Experimental Evaluation

Extensive experiments conducted using Llama-3.1-8B-Instruct and GPT-4o indicate that RAG-Star significantly surpasses traditional RAG and other reasoning-enhancement methods. The proposed framework achieves performance improvements of up to 18.98% for Llama-3.1-8B and 16.19% for GPT-4o in the evaluated datasets. This underpins the efficacy of RAG-Star in leveraging both stored and retrieved knowledge, rectifying reasoning errors and ultimately arriving at more accurate solutions.

Implications and Future Directions

RAG-Star's approach to integrating retrieval into the reasoning process represents a notable step toward overcoming the limitations of current LLMs in complex tasks. By enabling models to verify and refine their reasoning through external data, RAG-Star opens pathways for improved factual reliability and logical coherence in AI systems.

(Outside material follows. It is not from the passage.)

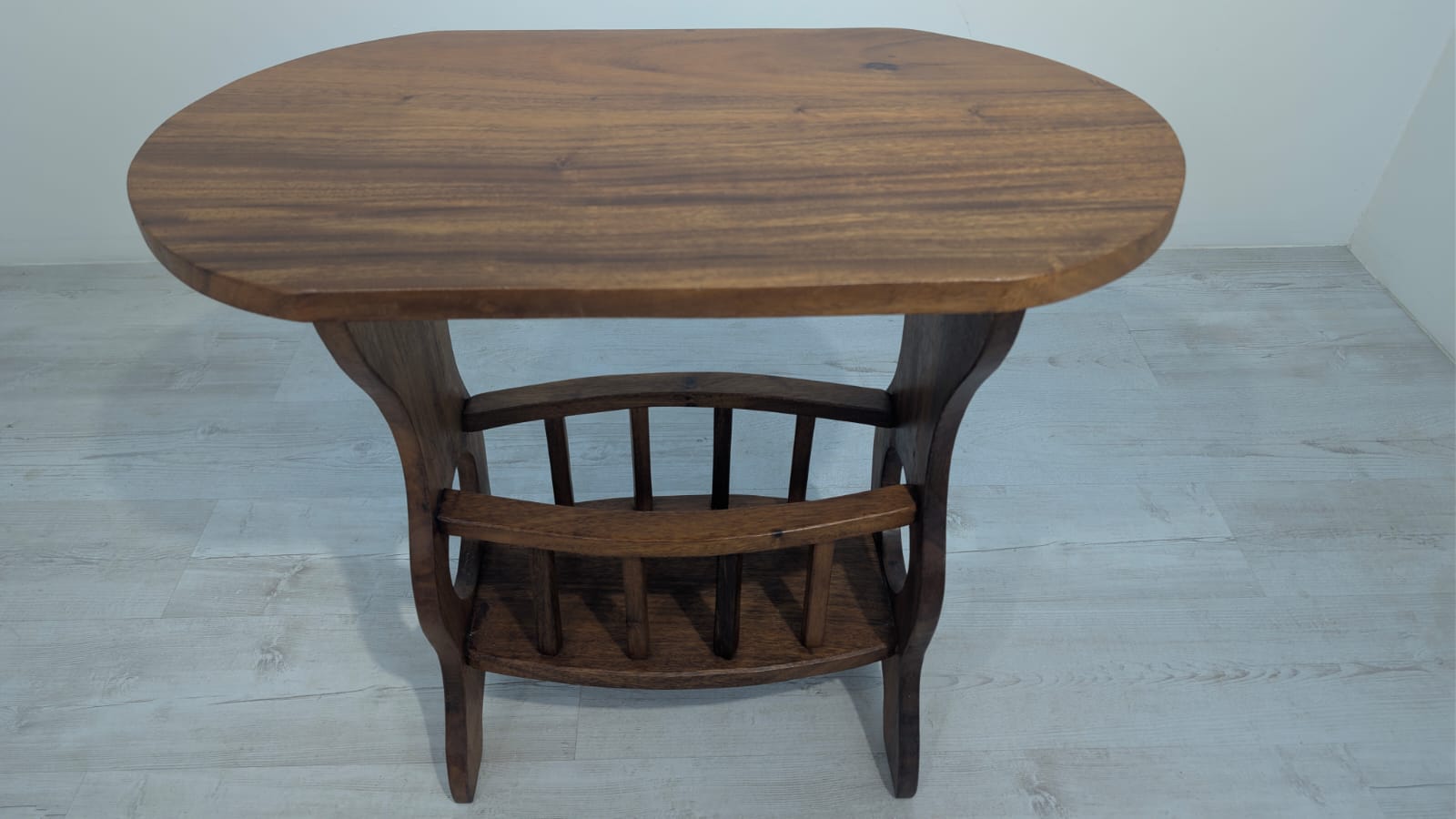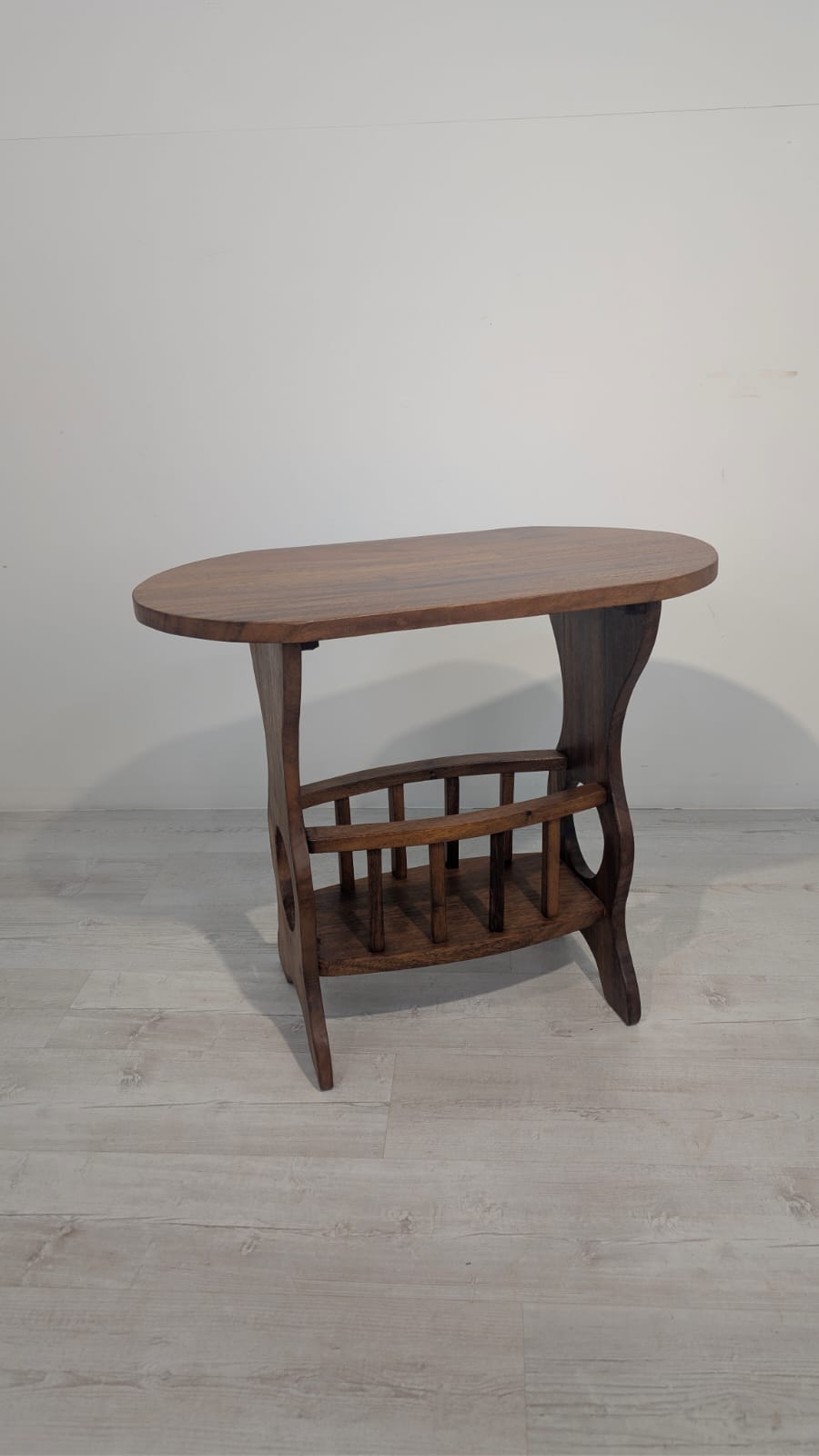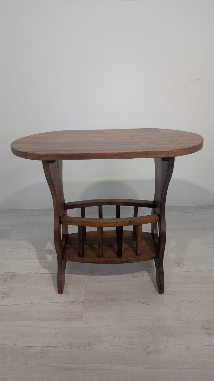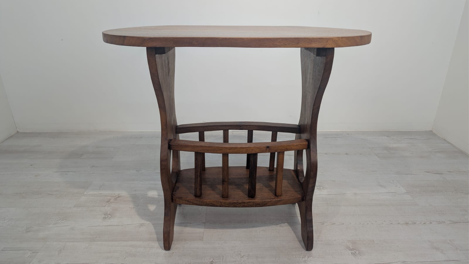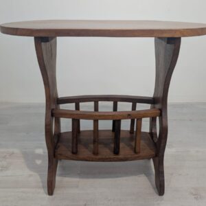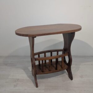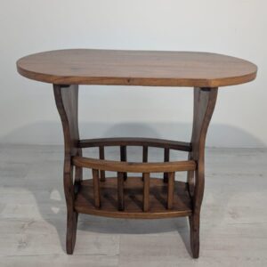 Solidny stolik pomocniczy z drewna dębowego. Owalny blat w ciemnym odcieniu drewna, na eleganckich nogach. Praktyczny mebel, który może służyć jako stolik kawowy lub dodatkowa powierzchnia do przechowywania. Idealny do salonu lub sypialni.

For future research, exploring alternative search algorithms and fine-tuning retrieval techniques could further enhance RAG-Star's capabilities. Additionally, exploring applications across diverse reasoning scenarios, such as scientific problem-solving or legal reasoning, could reveal new potentials and specific challenges, advancing further developments in AI reasoning systems. This paper contributes robust architectural insights for AI practitioners aiming to enhance the multi-step reasoning prowess of LLMs, suggesting a promising trajectory for the development of more sophisticated AI reasoning mechanisms.